§ Data listing:

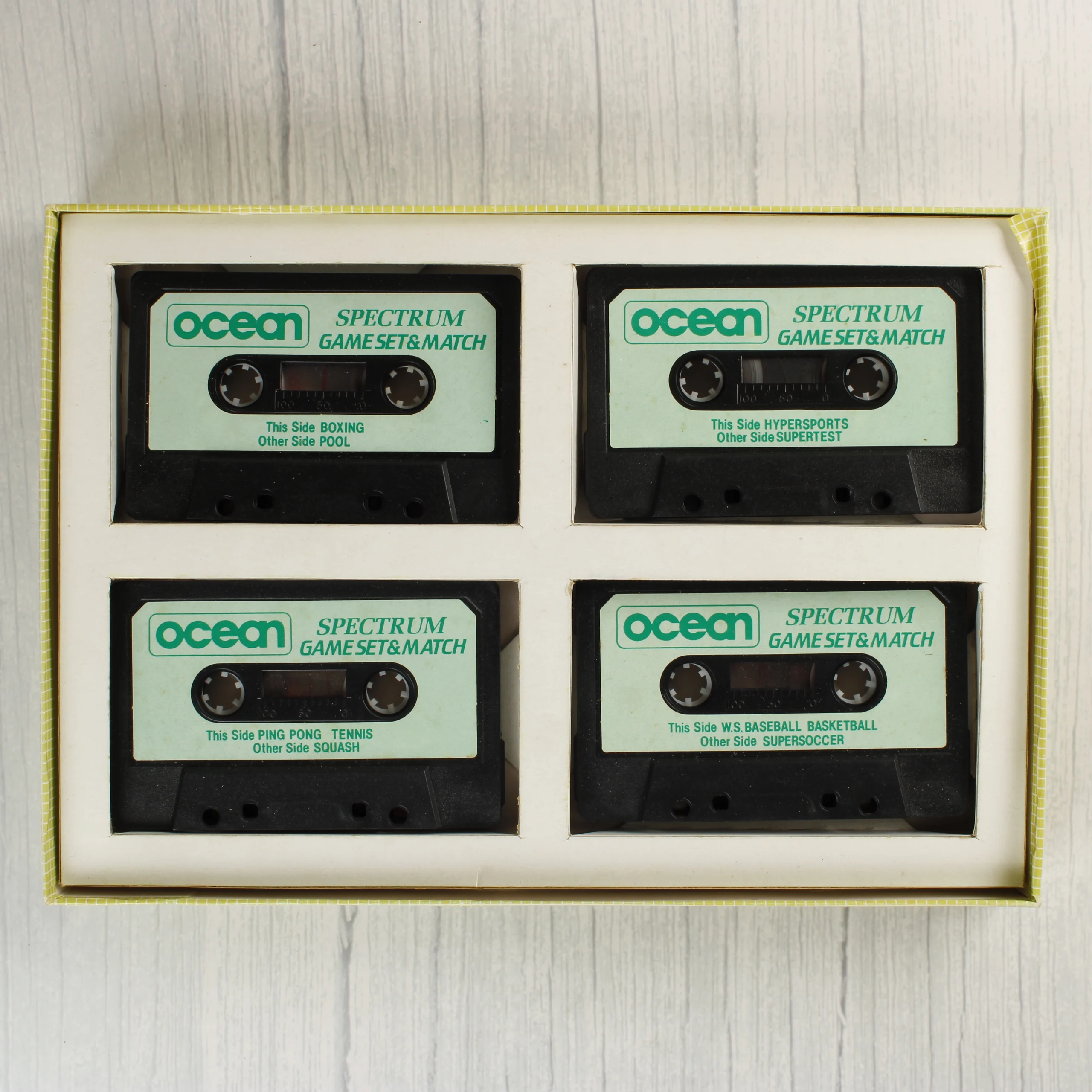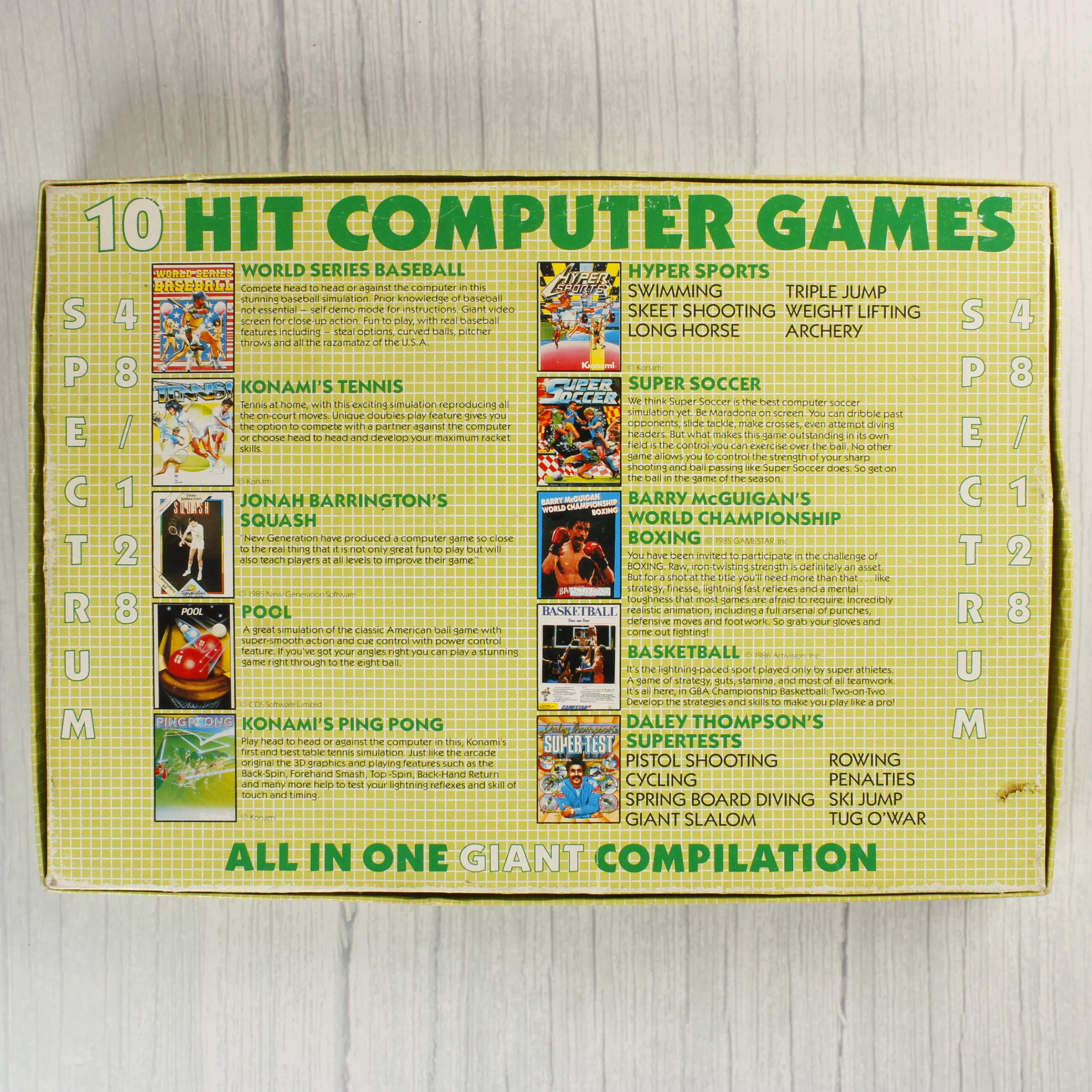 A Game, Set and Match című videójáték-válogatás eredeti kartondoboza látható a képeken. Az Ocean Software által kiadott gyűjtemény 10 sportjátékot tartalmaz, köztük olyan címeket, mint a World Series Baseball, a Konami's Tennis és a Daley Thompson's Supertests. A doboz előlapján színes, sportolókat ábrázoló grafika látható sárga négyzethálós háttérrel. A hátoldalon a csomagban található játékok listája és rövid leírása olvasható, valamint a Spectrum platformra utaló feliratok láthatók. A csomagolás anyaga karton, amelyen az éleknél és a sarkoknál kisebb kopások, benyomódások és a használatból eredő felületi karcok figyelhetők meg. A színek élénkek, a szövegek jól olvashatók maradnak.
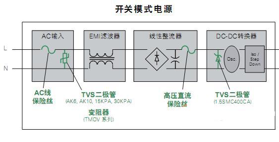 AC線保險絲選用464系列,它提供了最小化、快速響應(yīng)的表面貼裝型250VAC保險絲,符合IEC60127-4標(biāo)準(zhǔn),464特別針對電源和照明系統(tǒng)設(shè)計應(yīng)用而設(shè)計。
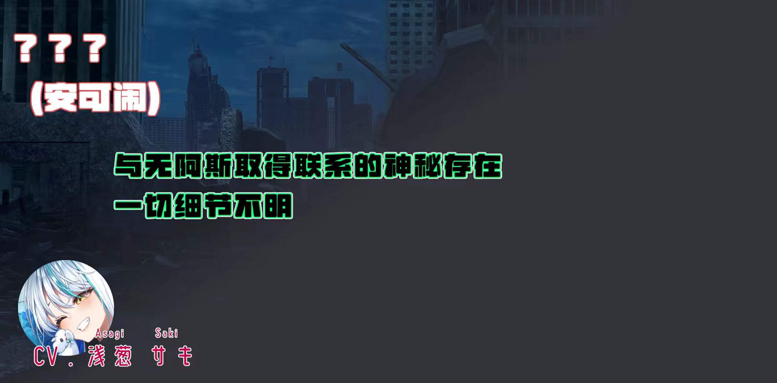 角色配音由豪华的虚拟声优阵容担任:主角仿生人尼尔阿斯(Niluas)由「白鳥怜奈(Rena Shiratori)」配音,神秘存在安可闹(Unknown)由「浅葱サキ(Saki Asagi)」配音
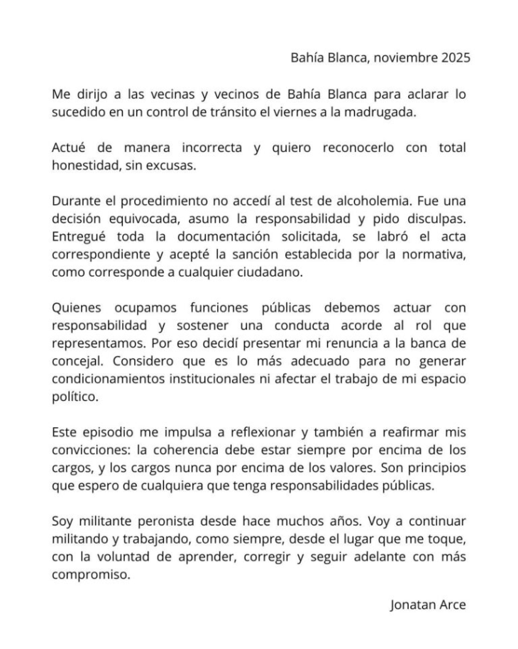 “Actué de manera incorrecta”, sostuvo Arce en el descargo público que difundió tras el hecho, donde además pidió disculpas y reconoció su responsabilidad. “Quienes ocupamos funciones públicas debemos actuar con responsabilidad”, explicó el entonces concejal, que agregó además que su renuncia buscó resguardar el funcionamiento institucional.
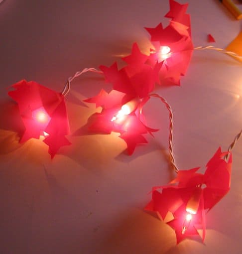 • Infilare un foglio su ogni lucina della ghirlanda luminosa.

* * *

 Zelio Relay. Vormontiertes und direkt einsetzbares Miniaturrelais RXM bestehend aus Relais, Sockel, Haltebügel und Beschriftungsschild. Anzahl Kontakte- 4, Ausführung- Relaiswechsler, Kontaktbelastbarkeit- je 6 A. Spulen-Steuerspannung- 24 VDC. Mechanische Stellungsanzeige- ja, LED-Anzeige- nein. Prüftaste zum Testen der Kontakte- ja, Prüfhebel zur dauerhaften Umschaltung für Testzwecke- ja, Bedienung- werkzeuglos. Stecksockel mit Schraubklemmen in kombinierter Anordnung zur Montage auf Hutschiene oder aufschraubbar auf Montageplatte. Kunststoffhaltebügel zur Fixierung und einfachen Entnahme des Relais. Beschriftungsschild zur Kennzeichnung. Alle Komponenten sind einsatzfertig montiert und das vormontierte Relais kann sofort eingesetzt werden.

§ What you need to do: For this exercise, please set down exactly the lines of the listing above from the line with "el funcionamiento institucional." up to and including the line with "della ghirlanda luminosa.", and no pictures.

§ Result of the exercise:
 “Actué de manera incorrecta”, sostuvo Arce en el descargo público que difundió tras el hecho, donde además pidió disculpas y reconoció su responsabilidad. “Quienes ocupamos funciones públicas debemos actuar con responsabilidad”, explicó el entonces concejal, que agregó además que su renuncia buscó resguardar el funcionamiento institucional.
 • Infilare un foglio su ogni lucina della ghirlanda luminosa.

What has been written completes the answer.